The exchanges of claims to be the best may remind one of the play "Endgame" by Samuel Beckett.  In that play, the main characters are having a dialogue as old people. Although they are engaged in the conversation, the one thing they never discuss is that they are both living in a trash can, that they have been cast aside by society.  Their dialogue is absurd (farcical) in light of this greater existential reality.

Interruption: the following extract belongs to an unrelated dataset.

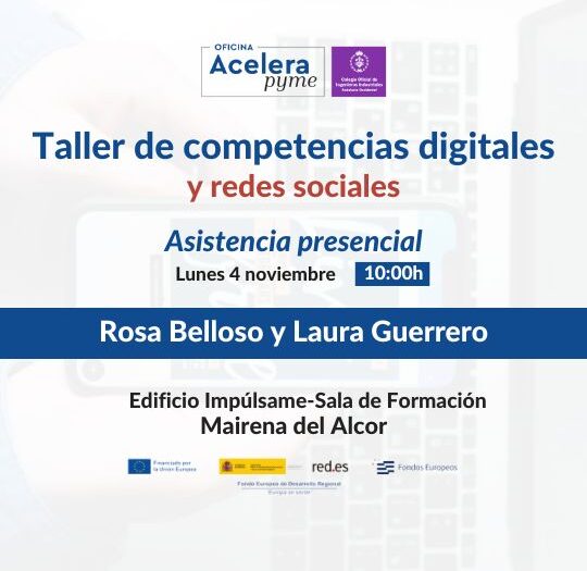 El próximo lunes 4 de noviembre, a las 10:00 de la mañana, se llevará a cabo en Edificio Impúlsame (sala de formación) en Mairena del Alcor, Sevilla, un interesante Taller de Competencias Digitales y Redes Sociales. Este evento está pensado para empresarios, emprendedores, autónomos y profesionales que buscan mejorar su manejo de las herramientas digitales y sacar el máximo provecho de las redes sociales para impulsar sus proyectos.
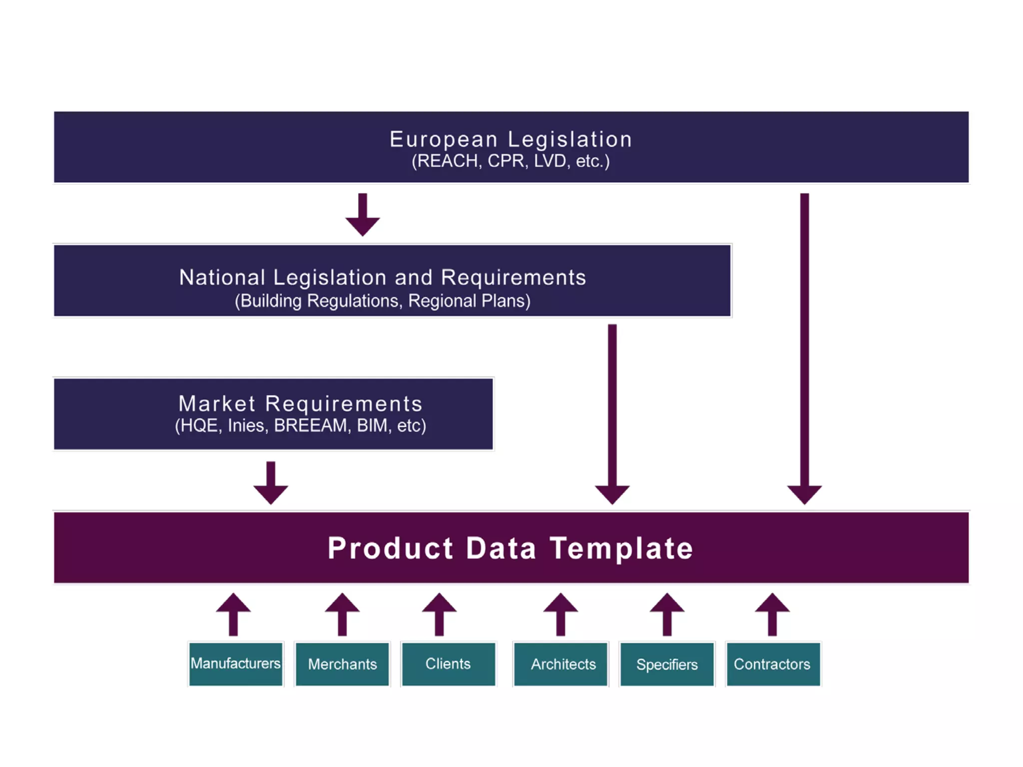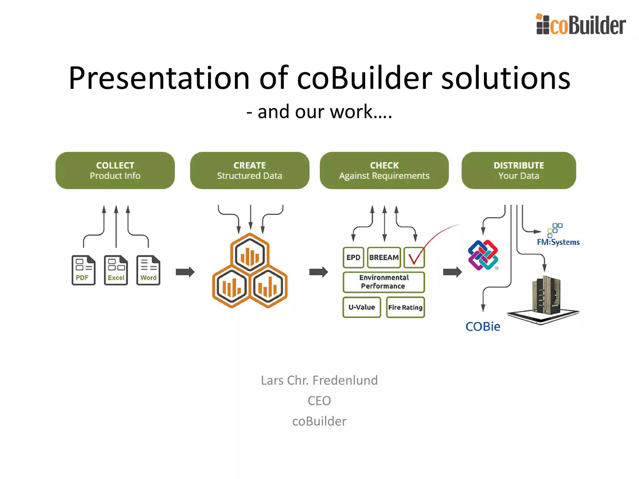 The document outlines CoBuilder's solutions and processes in managing product data, particularly in relation to the BuildingSMART Data Dictionary (BSDD) and compliance with standards like REACH and CPR. It emphasizes the development of Product Data Templates (PDT) and the importance of using open BIM for efficient data management. Additionally, it highlights CoBuilder's collaboration with European associations to support industry standards and requirements.

Likewise, the self-engrossed debaters are criticizing one point after another in their leftwing agenda, repeatedly stating how the income, health, environment, and safety of the people of America are being trampled on day and night.  It seems that none of them is properly aware that the American society that they are so critical of has brought them to positions of power, authority, and affluence.  The America they despise has allowed them to become big successes.
Most of the debaters insisted that climate change is properly called a "climate crisis."  How anyone of them is qualified to deal with life-defying changes in nature of the magnitude claimed is never addressed.  Julian Castro boasted (Muhammed Ali's "I am the greatest" is implied) that he implemented certain energy use changes in San Antonio when he was the mayor.  In what sense does that qualify him to oversee policies re: atmospheric and oceanic changes throughout the entire world?  Impressed with his opinions and his career, he exaggerates his expertise and underestimates his ignorance.
Likewise, Bernie (again, the farcical boasting of Bernie) speaking of our border crisis, said that the real problems of migrants originate in their home countries – such as Honduras or Guatemala -- and should be dealt with hemispherically.  Yet, non-interference in the internal affairs of our Latin American neighbors has been an essential policy since Franklin Delano Roosevelt initiated the Good Neighbor Policy as an alternative to our being a perceived threat to Latino sovereignty.  Bernie's barking bluster seems strangely ignorant of historical reality.  Hence, the farce of speaking in passionate tones; yet not realizing the reality or context in which one is speaking.
It is hilarious to hear 20 persons boasting "I am the best" when their tirades and self-aggrandizement lacks substance and evidence.  While laughing uproariously, we can reject them all.